Collected data entries
- Opening Delimiter -
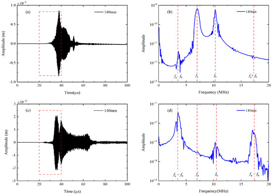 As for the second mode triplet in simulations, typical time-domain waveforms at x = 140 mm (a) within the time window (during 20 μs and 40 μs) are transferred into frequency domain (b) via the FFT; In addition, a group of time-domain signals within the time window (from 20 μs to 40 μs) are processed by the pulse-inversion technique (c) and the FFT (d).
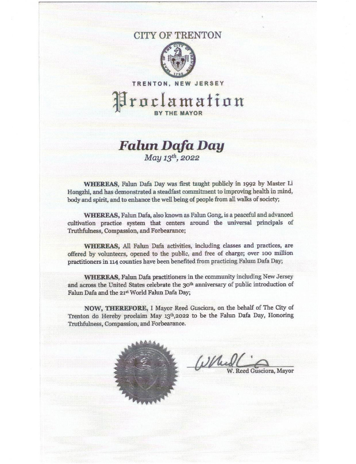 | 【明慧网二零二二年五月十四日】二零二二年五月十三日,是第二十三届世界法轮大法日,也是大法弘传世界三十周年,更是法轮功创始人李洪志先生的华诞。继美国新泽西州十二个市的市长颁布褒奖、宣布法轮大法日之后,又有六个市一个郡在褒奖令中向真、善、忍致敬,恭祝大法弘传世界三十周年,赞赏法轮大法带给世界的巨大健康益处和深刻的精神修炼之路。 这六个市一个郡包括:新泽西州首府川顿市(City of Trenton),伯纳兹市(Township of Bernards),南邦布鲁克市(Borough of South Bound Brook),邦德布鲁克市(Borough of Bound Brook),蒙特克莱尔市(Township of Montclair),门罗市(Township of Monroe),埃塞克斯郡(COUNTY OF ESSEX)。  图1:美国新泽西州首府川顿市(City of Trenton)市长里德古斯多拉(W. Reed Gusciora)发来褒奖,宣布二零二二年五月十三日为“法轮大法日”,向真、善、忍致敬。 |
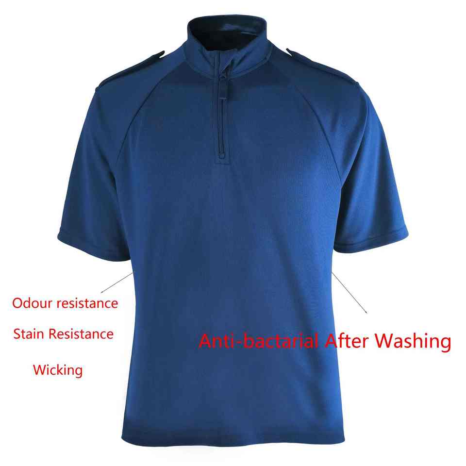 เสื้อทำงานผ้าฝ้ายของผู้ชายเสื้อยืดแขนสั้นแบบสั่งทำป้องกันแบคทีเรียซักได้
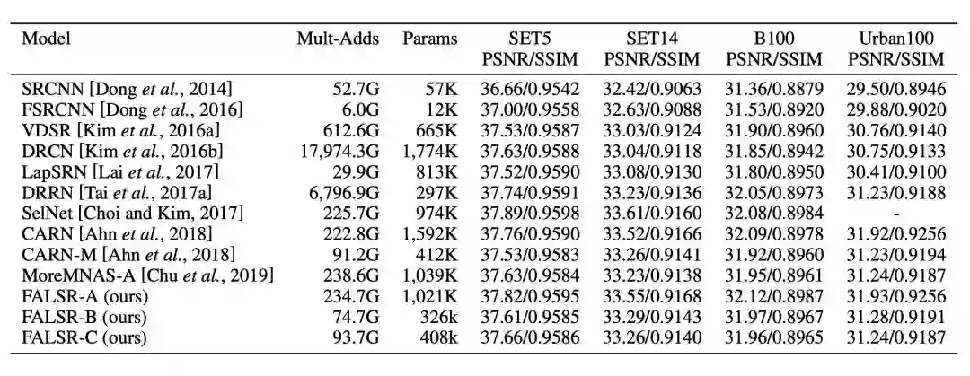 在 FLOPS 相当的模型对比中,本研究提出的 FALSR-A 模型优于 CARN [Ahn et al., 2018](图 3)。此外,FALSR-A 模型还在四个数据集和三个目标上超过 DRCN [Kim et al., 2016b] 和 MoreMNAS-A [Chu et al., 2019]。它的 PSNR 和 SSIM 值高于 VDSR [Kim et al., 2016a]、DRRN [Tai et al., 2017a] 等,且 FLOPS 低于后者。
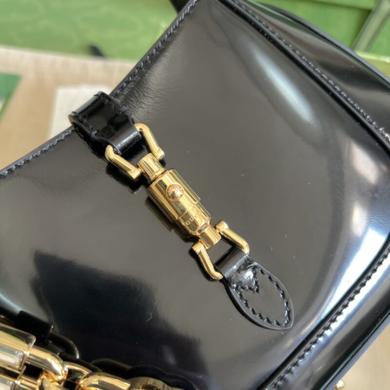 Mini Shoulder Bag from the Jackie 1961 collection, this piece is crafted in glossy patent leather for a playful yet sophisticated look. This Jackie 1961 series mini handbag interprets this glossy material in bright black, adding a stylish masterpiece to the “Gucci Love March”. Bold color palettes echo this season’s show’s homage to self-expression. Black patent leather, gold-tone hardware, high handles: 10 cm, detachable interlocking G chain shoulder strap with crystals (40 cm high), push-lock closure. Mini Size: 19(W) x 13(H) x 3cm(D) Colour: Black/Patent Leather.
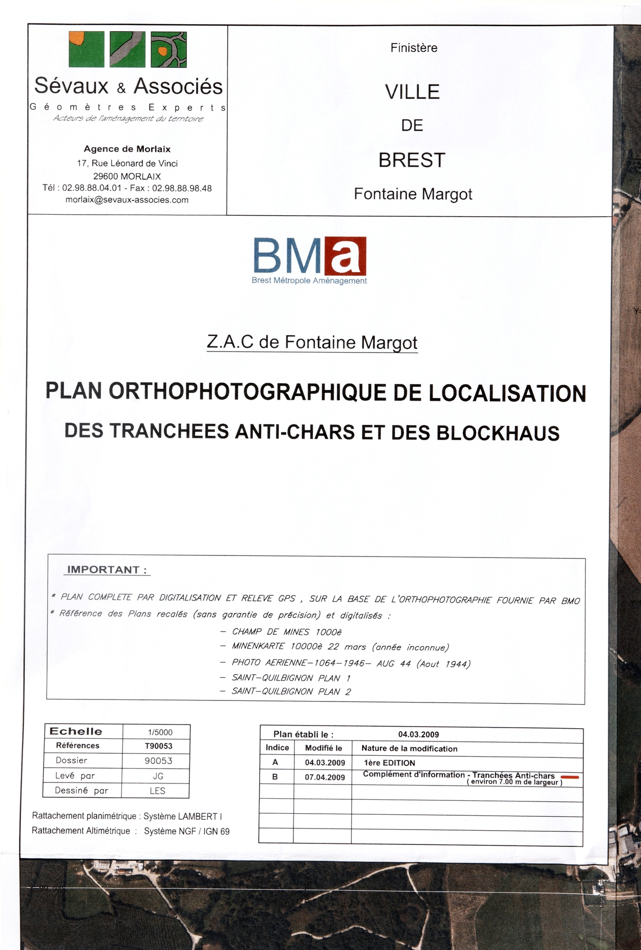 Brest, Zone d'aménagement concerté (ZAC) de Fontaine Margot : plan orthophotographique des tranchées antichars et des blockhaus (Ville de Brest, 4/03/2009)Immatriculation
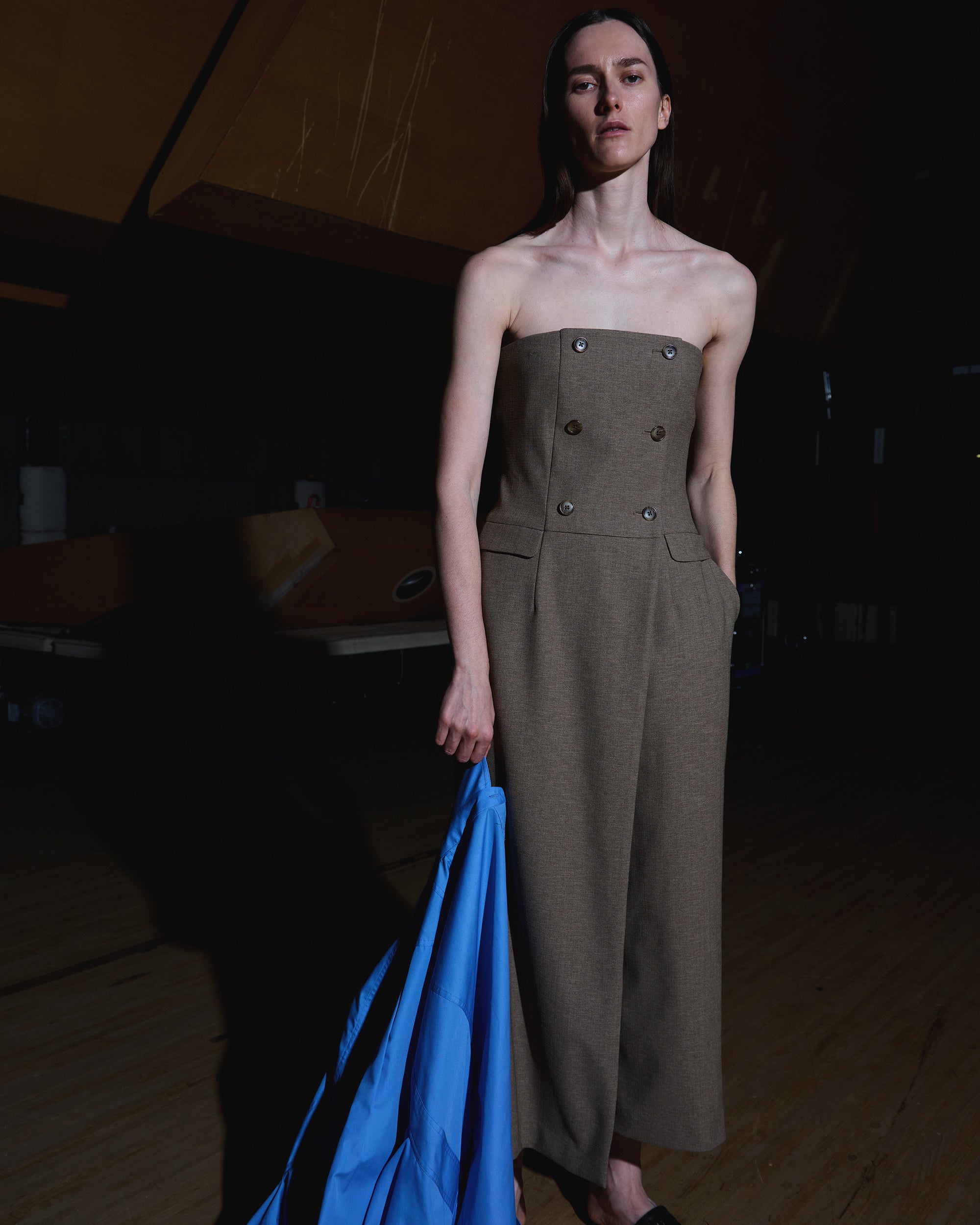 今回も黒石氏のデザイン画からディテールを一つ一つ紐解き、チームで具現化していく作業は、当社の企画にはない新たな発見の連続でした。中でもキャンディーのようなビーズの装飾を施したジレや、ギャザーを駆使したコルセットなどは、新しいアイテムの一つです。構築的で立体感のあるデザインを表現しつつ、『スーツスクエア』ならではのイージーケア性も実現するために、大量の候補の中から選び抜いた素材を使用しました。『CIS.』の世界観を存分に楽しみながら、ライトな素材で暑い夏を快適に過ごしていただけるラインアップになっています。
- Closing Delimiter -
▶ [Task to carry out]: All entries should be restated word for word; no images belong in the copy.

▶ [Answer box]:
 As for the second mode triplet in simulations, typical time-domain waveforms at x = 140 mm (a) within the time window (during 20 μs and 40 μs) are transferred into frequency domain (b) via the FFT; In addition, a group of time-domain signals within the time window (from 20 μs to 40 μs) are processed by the pulse-inversion technique (c) and the FFT (d).
 | 【明慧网二零二二年五月十四日】二零二二年五月十三日,是第二十三届世界法轮大法日,也是大法弘传世界三十周年,更是法轮功创始人李洪志先生的华诞。继美国新泽西州十二个市的市长颁布褒奖、宣布法轮大法日之后,又有六个市一个郡在褒奖令中向真、善、忍致敬,恭祝大法弘传世界三十周年,赞赏法轮大法带给世界的巨大健康益处和深刻的精神修炼之路。 这六个市一个郡包括:新泽西州首府川顿市(City of Trenton),伯纳兹市(Township of Bernards),南邦布鲁克市(Borough of South Bound Brook),邦德布鲁克市(Borough of Bound Brook),蒙特克莱尔市(Township of Montclair),门罗市(Township of Monroe),埃塞克斯郡(COUNTY OF ESSEX)。  图1:美国新泽西州首府川顿市(City of Trenton)市长里德古斯多拉(W. Reed Gusciora)发来褒奖,宣布二零二二年五月十三日为“法轮大法日”,向真、善、忍致敬。 |
 เสื้อทำงานผ้าฝ้ายของผู้ชายเสื้อยืดแขนสั้นแบบสั่งทำป้องกันแบคทีเรียซักได้
 在 FLOPS 相当的模型对比中,本研究提出的 FALSR-A 模型优于 CARN [Ahn et al., 2018](图 3)。此外,FALSR-A 模型还在四个数据集和三个目标上超过 DRCN [Kim et al., 2016b] 和 MoreMNAS-A [Chu et al., 2019]。它的 PSNR 和 SSIM 值高于 VDSR [Kim et al., 2016a]、DRRN [Tai et al., 2017a] 等,且 FLOPS 低于后者。
 Mini Shoulder Bag from the Jackie 1961 collection, this piece is crafted in glossy patent leather for a playful yet sophisticated look. This Jackie 1961 series mini handbag interprets this glossy material in bright black, adding a stylish masterpiece to the “Gucci Love March”. Bold color palettes echo this season’s show’s homage to self-expression. Black patent leather, gold-tone hardware, high handles: 10 cm, detachable interlocking G chain shoulder strap with crystals (40 cm high), push-lock closure. Mini Size: 19(W) x 13(H) x 3cm(D) Colour: Black/Patent Leather.
 Brest, Zone d'aménagement concerté (ZAC) de Fontaine Margot : plan orthophotographique des tranchées antichars et des blockhaus (Ville de Brest, 4/03/2009)Immatriculation
 今回も黒石氏のデザイン画からディテールを一つ一つ紐解き、チームで具現化していく作業は、当社の企画にはない新たな発見の連続でした。中でもキャンディーのようなビーズの装飾を施したジレや、ギャザーを駆使したコルセットなどは、新しいアイテムの一つです。構築的で立体感のあるデザインを表現しつつ、『スーツスクエア』ならではのイージーケア性も実現するために、大量の候補の中から選び抜いた素材を使用しました。『CIS.』の世界観を存分に楽しみながら、ライトな素材で暑い夏を快適に過ごしていただけるラインアップになっています。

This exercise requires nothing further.